* **Problem description**
Exactly as they appear, retype the lines from the one containing "Winter Grill Typography" through the final line of the data below. Leave pictures out.

* **Excerpted data**
====

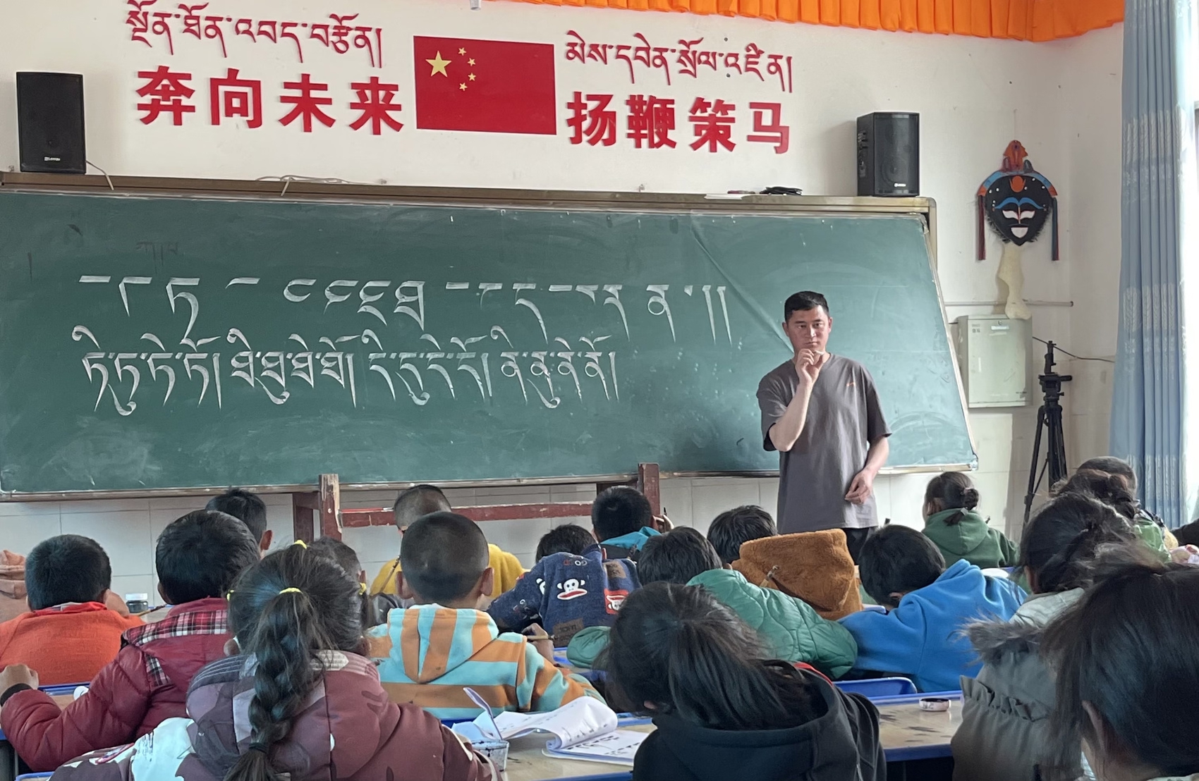 登真益尼教学生拼写藏语字母。
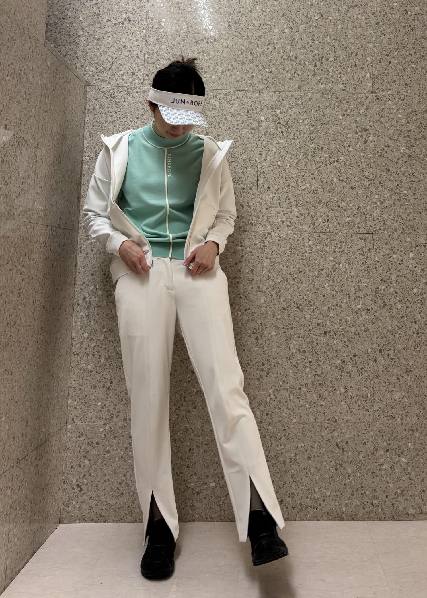 スラックスを合せれば、上品なコーデで
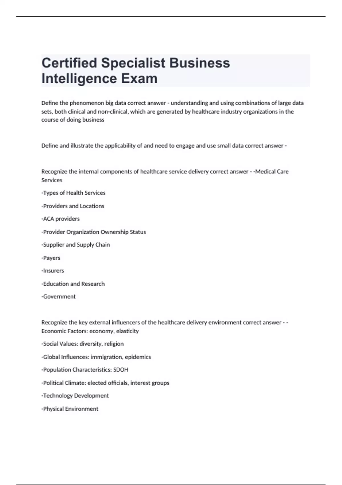 Certified Specialist Business Intelligence Exam And Correct Answer.
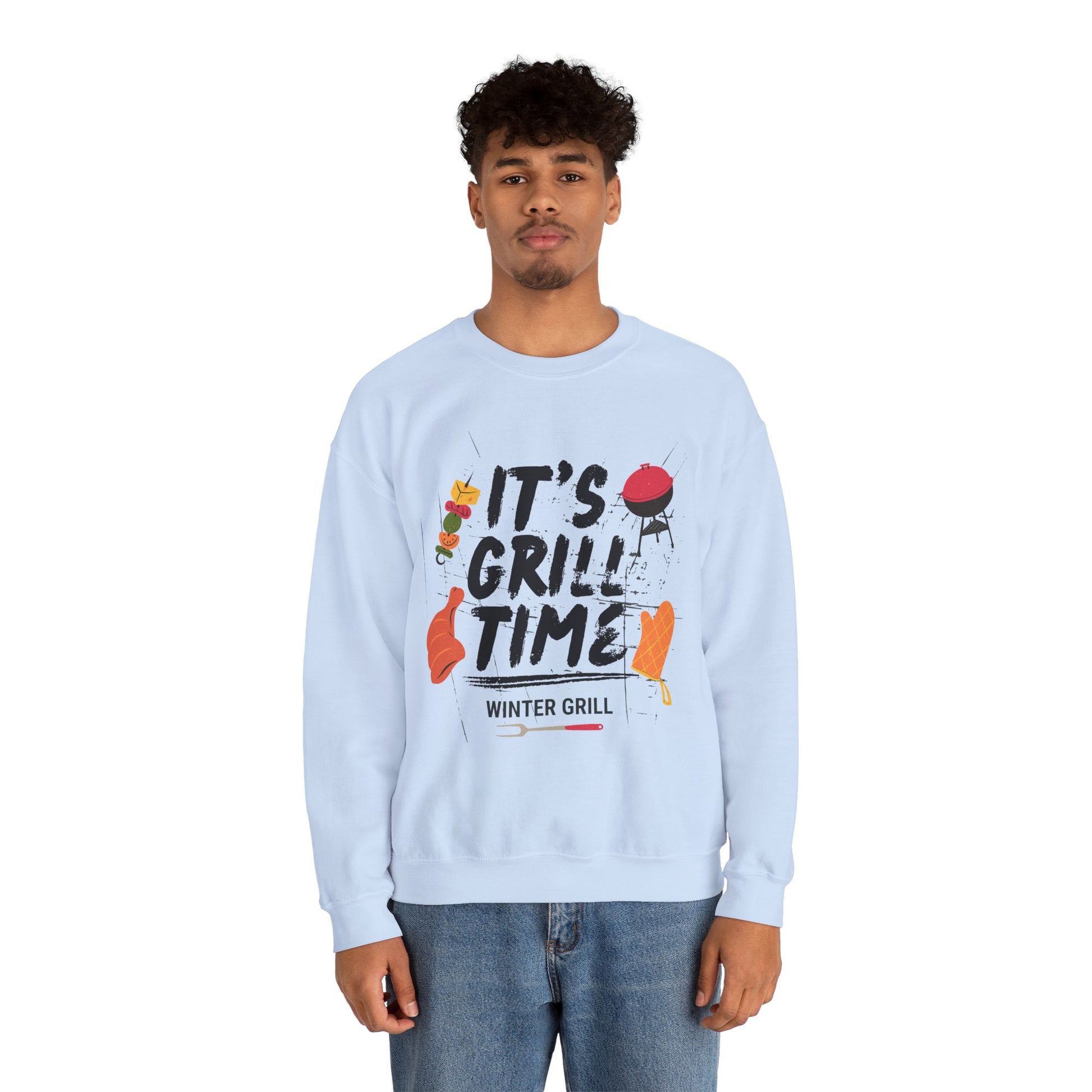 Winter Grill Typography Sweatshirt - Cozy Soft Cotton Unisex BBQ Graphic Sweatshirt
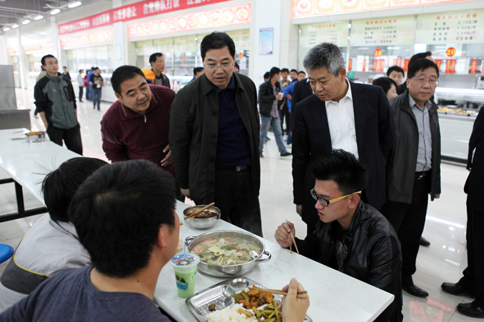 徐新荣市长来到餐饮中心视察,并和就餐学生亲切交流,询问饭菜质量和价格
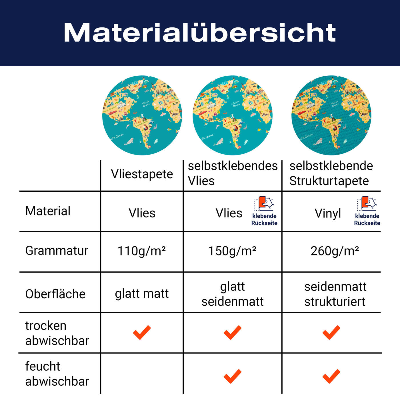 - Selbstklebendes Vlies 150g/m²: Einfach anzubringen, perfekt für Mietwohnungen.
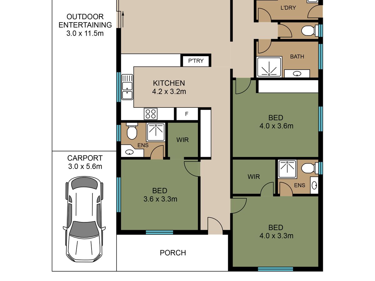 Two of the bedrooms feature private ensuites, while all include built-in wardrobes. The open-plan living area is filled with natural light and air-conditioned for year-round comfort. Fully tiled throughout, the home is both modern and easy to maintain.
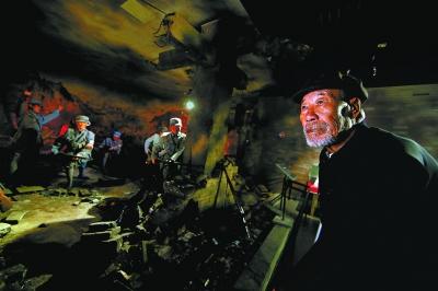 ▲平北是康玉先参加战争时的主战场,到平北抗日纪念馆去参观是他多年的心愿。在延庆县民政局的帮助下,已7年没出过远门的康玉先终于如愿。看到张家口抗日战争雕塑群区里再现的战争情景,老人陷入了深深的回忆。就是因为在张家口战斗中负伤,他才含泪告别沙场。
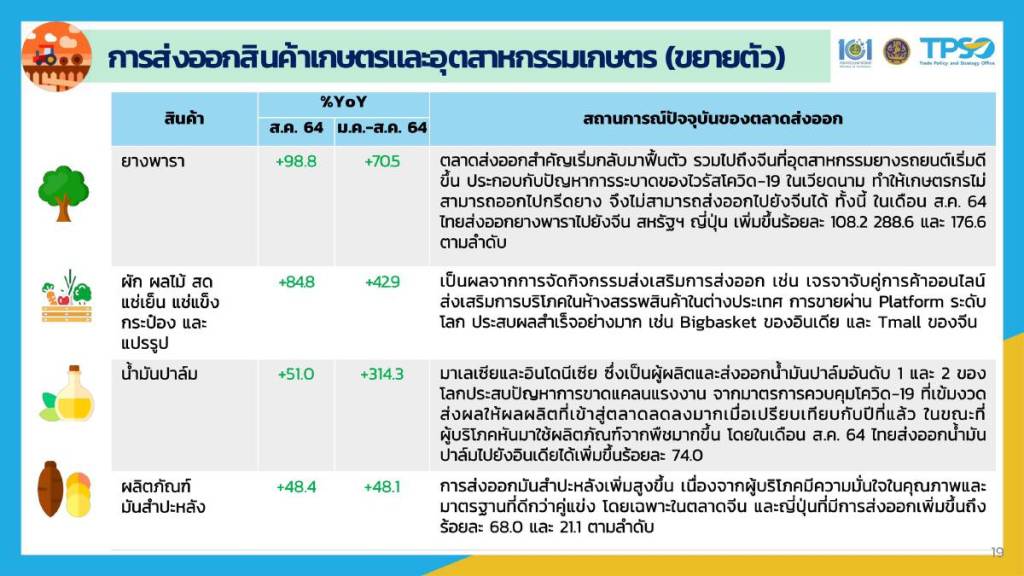 สำหรับการส่งออกที่ขยายตัว มาจากการเพิ่มขึ้นของการส่งออกสินค้าเกษตรและอุตสาหกรรมการเกษตร 23.6% และหากดูลึกในรายสินค้า พบว่า ผลิตภัณฑ์ยางพารา เพิ่ม 98.8% บวกต่อเนื่อง 11 เดือน ผลไม้สด แช่เย็น แช่แข็งและแปรรูป เพิ่ม 84.8% บวก 5 เดือนต่อเนื่อง น้ำมันปาล์ม เพิ่ม 51.0% บวก 6 เดือนต่อเนื่อง ผลิตภัณฑ์มันสำปะหลัง เพิ่ม 48.4% บวก 10 เดือนต่อเนื่อง ข้าวเพิ่ม 25.4% กลับมาบวกครั้งแรกในรอบ 8 เดือน และอาหารสัตว์เพิ่ม 17.3 บวก 24 เดือนต่อเนื่อง

====

* **Answer to the exercise**
 Winter Grill Typography Sweatshirt - Cozy Soft Cotton Unisex BBQ Graphic Sweatshirt
 徐新荣市长来到餐饮中心视察,并和就餐学生亲切交流,询问饭菜质量和价格
 - Selbstklebendes Vlies 150g/m²: Einfach anzubringen, perfekt für Mietwohnungen.
 Two of the bedrooms feature private ensuites, while all include built-in wardrobes. The open-plan living area is filled with natural light and air-conditioned for year-round comfort. Fully tiled throughout, the home is both modern and easy to maintain.
 ▲平北是康玉先参加战争时的主战场,到平北抗日纪念馆去参观是他多年的心愿。在延庆县民政局的帮助下,已7年没出过远门的康玉先终于如愿。看到张家口抗日战争雕塑群区里再现的战争情景,老人陷入了深深的回忆。就是因为在张家口战斗中负伤,他才含泪告别沙场。
 สำหรับการส่งออกที่ขยายตัว มาจากการเพิ่มขึ้นของการส่งออกสินค้าเกษตรและอุตสาหกรรมการเกษตร 23.6% และหากดูลึกในรายสินค้า พบว่า ผลิตภัณฑ์ยางพารา เพิ่ม 98.8% บวกต่อเนื่อง 11 เดือน ผลไม้สด แช่เย็น แช่แข็งและแปรรูป เพิ่ม 84.8% บวก 5 เดือนต่อเนื่อง น้ำมันปาล์ม เพิ่ม 51.0% บวก 6 เดือนต่อเนื่อง ผลิตภัณฑ์มันสำปะหลัง เพิ่ม 48.4% บวก 10 เดือนต่อเนื่อง ข้าวเพิ่ม 25.4% กลับมาบวกครั้งแรกในรอบ 8 เดือน และอาหารสัตว์เพิ่ม 17.3 บวก 24 เดือนต่อเนื่อง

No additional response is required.